The split was planned and engineered by publicity paid for by investors who need big changes to happen to make more quick money.
Big newspapers are dominantly owned by a few people who like more money.
Scientific journals are mostly controlled by a few investors/owners, dominantly German.
A public fed a daily diet of any theme, helped by usual journalistic tricks like fearful hobgoblins will of course be largely led to believe in the new idea, because everyone does.
Add a hard touch of suppression of dissenting ideas (a good story has a villain) and if you do it well, you will have a populace eating out of your hand.
Take this compliance to the political overlords who these days control the major money flows for more research. Pay research that supports your political aims. Remember that politicians are poorly paid on entering politics but often end up departing richer out of all proportion.
Pretty soon, you have created an integrated industry whose prime aim is to distribute other people’s money into your own pockets. Having a political party on side is not vital, but it sure helps the money flow. Think subsidies. Think mandated preferences for some forms of electricity generation. All political, all engineered to make that big money flow certain ways.
Over time, unrelenting media spin causes even major political parties to believe, so the split between parties lessens. The manipulation continues in ways that enhance the money flow. Geoff S
Just from personal experience of designing large structures, which always takes in to account the climate, I became interested in the Global Warming phenomenon and read around it. Didn’t take long to become a skeptic because whatever was going on today was no different from the past according to all the data I had to use.

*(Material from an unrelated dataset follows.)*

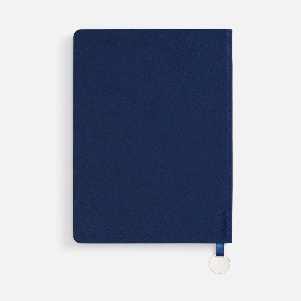 Ежедневник с гибкой обложкой, выполнен из материал La Fite, синий НН, дополнен ляссе в цвет обложки с металлическим шильдом.Блок 985, без календарной сетки и информационного блока:Кол-во страниц — 256;Бумага — белая, плотность 70 г/м?;Форзац и нахзац — белые.

When the terrifying predictions of climate doom came along with the only “cure” presented was global energy poverty leading to actual global poverty managed by socialism that was it. I still read around the topic, thanks in part to wattsupwiththat.com, and so far nothing has convinced me that doom awaits unless I become a socialist. However what is very obvious is the hulking monetary behemoth all aspects of the Climate Change industry has become and that’s what drives its relentless advance into every aspect of life now. Rationing, of everything, seems inevitable unless you are Davos Man and I am not a member of that club.
Oh, and all of my structures are still standing, some for over 50 years.
Many of the ‘scienbtists” from the skeptics community seem to be supporters of big corporations, big oil, and tobacco companies. I think that a big part of the divide happened when these skeptics either took money or think that they will get money and fame.